- **Work request**
Give back exactly the lines from the start of the entries below to the line holding "Vācieši vienus vārtus", that line included, and leave every picture out.

· · ·

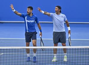 (250218) -- DOHA, 18 febrero, 2025 (Xinhua) -- Imagen del 17 de febrero de 2025 de Novak Djokovic (i)/Fernando Verdasco festejando al término del partido de octavos de final de dobles masculinos entre Alexander Bublik, de Kazajistán/Karen Khachanov, de Rusia, y Novak Djokovic, de Serbia/Fernando Verdasco, de España, en el torneo de tenis Abierto de Qatar de la ATP, en Doha, Qatar. (Xinhua/Nikku) (jg) (ra) (vf)
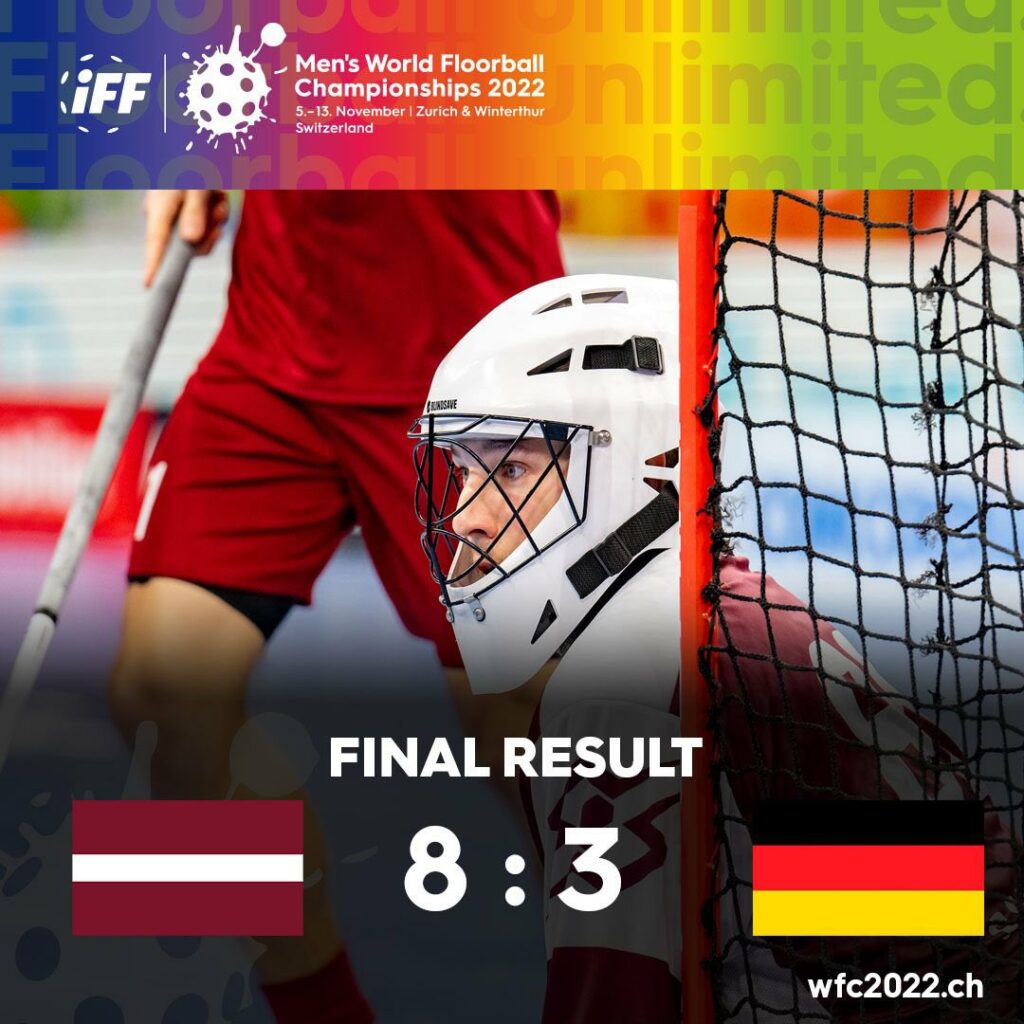 Vācieši vienus vārtus atguva, taču atlikušajās piecās minūtēs no zaudējuma neizglābās. Punktu Latvijas izlases uzvarai pielika Krūmiņš, kurš pēc vārtsarga Jāņa Salceviča piespēles priekšpēdējā minūtē panāca 8:3.
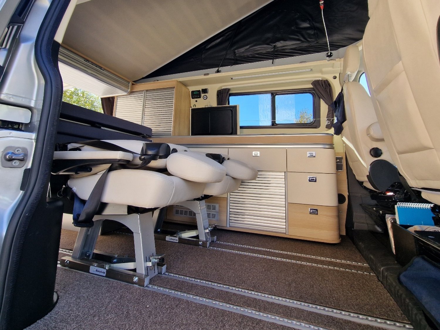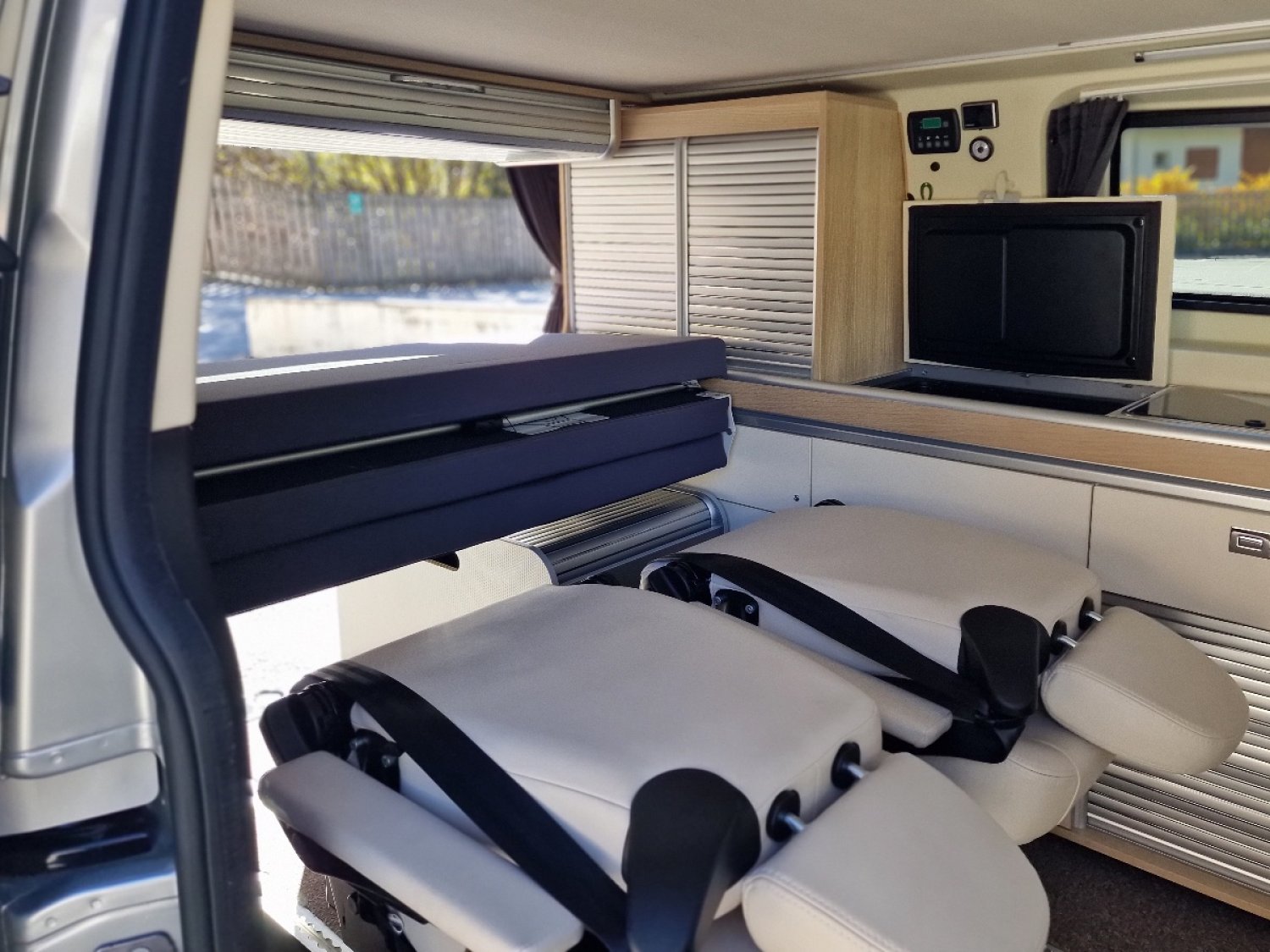 - Sièges avant pivotants et chauffants. - 2 sièges arrières individuels avec accoudoirs sur rail aéro.
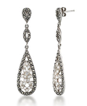 Tori Hill® Genuine Marcasite and Crystals Elongated Teardrop Dangle Earrings-Sterling Silver
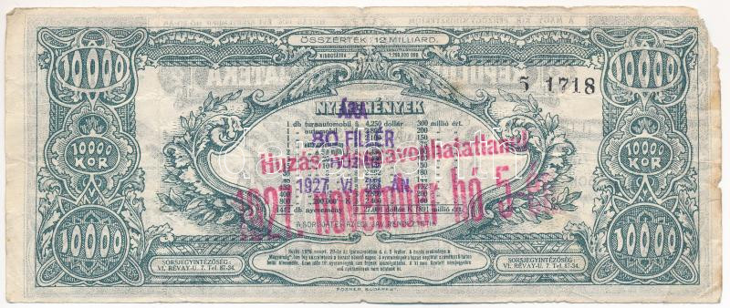Leírás: 1926. "Magyar Sportrepülők Egyesülete - Repülők Tárgysorsjátéka - Dollár Sorsjegy" C-sorozat T:VG anyaghiány
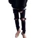 FOG style zippered cuffs, button placket, men's oversized and distressed small leg jeans
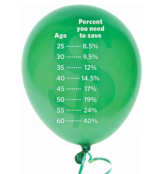 Obviously the younger you start saving, the smaller the percentage of your income you need to save, so start squeezing the balloon as soon as you can!
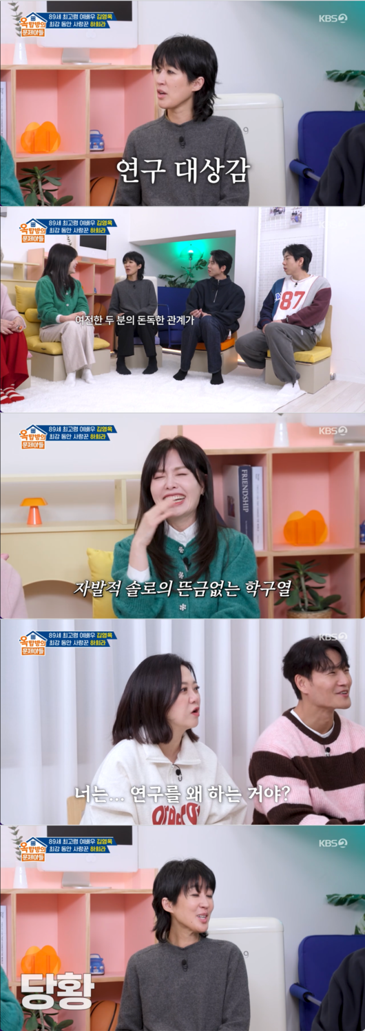 8일 오후 방송된 KBS 2TV ‘옥탑방의 문제아들’에서는 배우 김영옥과 하희라가 게스트로 나섰다.
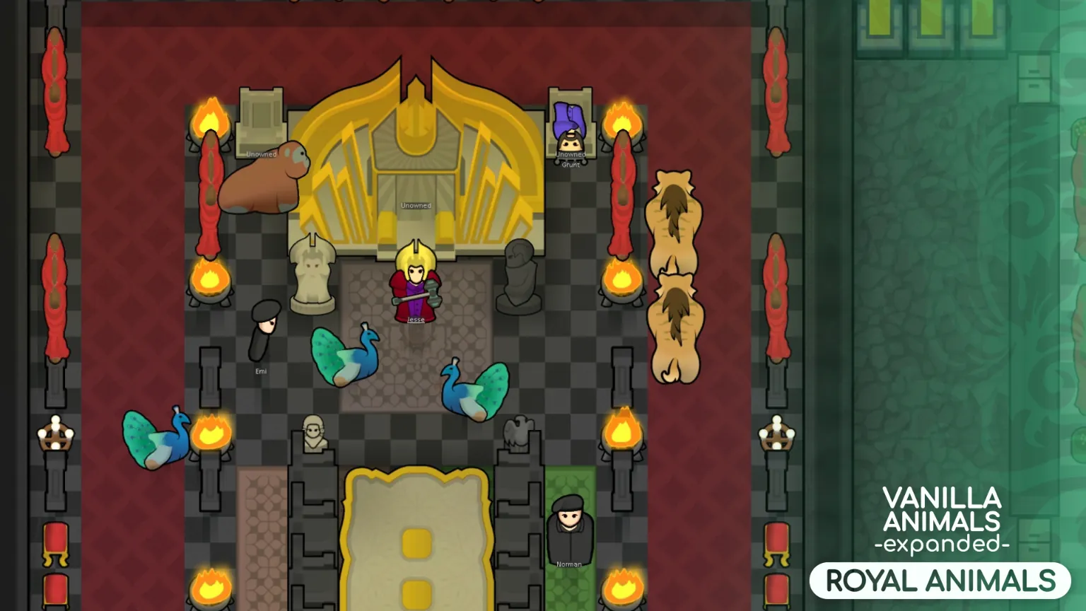 With Vanilla Animals Expanded - Royal Animals we are adding a decent selection of animals important in one way or another to the Empire. From poultry that turns any meals into lavish meals, to orangutans that can educate your colonists, this mod should greatly enhance your Royal playthroughs.

· · ·

- **Answer space**
 (250218) -- DOHA, 18 febrero, 2025 (Xinhua) -- Imagen del 17 de febrero de 2025 de Novak Djokovic (i)/Fernando Verdasco festejando al término del partido de octavos de final de dobles masculinos entre Alexander Bublik, de Kazajistán/Karen Khachanov, de Rusia, y Novak Djokovic, de Serbia/Fernando Verdasco, de España, en el torneo de tenis Abierto de Qatar de la ATP, en Doha, Qatar. (Xinhua/Nikku) (jg) (ra) (vf)
 Vācieši vienus vārtus atguva, taču atlikušajās piecās minūtēs no zaudējuma neizglābās. Punktu Latvijas izlases uzvarai pielika Krūmiņš, kurš pēc vārtsarga Jāņa Salceviča piespēles priekšpēdējā minūtē panāca 8:3.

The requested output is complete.